The cpu load of sharing cases among snowy people is more than 90% (2)

Found that this value immediately went down, and then take a look at the cpu load of more than 90% of the shared cases of CPU (2)

three。 Summarize the conclusion

1. The increase in cpu of the switch is caused by many factors, which is relatively difficult to troubleshoot.

two。 When troubleshooting cpu faults, if there is a sudden increase, it should also be checked from several aspects, mainly to see if there have been any recent business changes.

No changes, no changes in the configuration, etc., may be caused by misoperation, of course, the old machine may also be hardware failure

3. Generally speaking, the increase in traffic has a great impact on the cpu of the switch, such as switch interface forwarding traffic, × × traffic and so on.

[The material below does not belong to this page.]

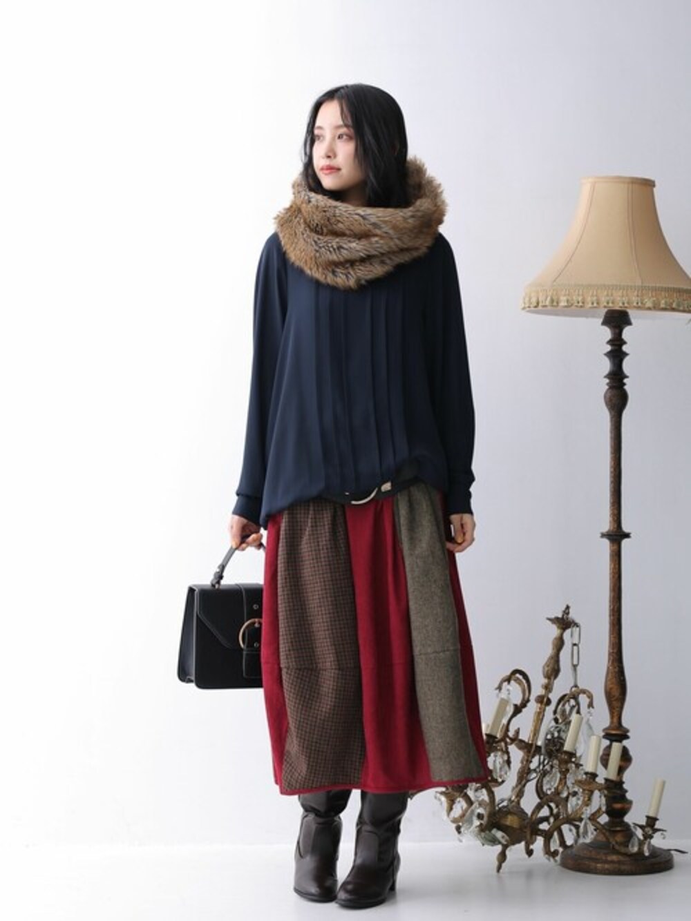 一気にお洒落感度高まる、魅惑のコクーンスカート♪ 差し色になる無地×チェック柄、季節感溢れるコーデュロイ×ツイードの、素材にもデザインにもこだわったアシメ仕様。 3種類の生地を配色で切り替えた異素材ドッキングスカートで360度お洒落魅せが実現します。 丸みを帯びたコクーンシルエットは気になる部分もカバーしてくれる。 ミモレ丈なのでパンプスともブーツとも相性が良く、シーズンムード高まるコーデを楽しめます。 お洒落なあの子は穿いている≪n'OrLABEL≫異素材配色コクーンスカートです。

4. The official website also has many solutions to the problem of rising cpu, which should be combined with other useful resources, such as the traffic in this example.

Monitoring tool Cacti

Welcome to subscribe "Shulou Technology Information " to get latest news, interesting things and hot topics in the IT industry, and controls the hottest and latest Internet news, technology news and IT industry trends.

*The comments in the above article only represent the author's personal views and do not represent the views and positions of this website. If you have more insights, please feel free to contribute and share.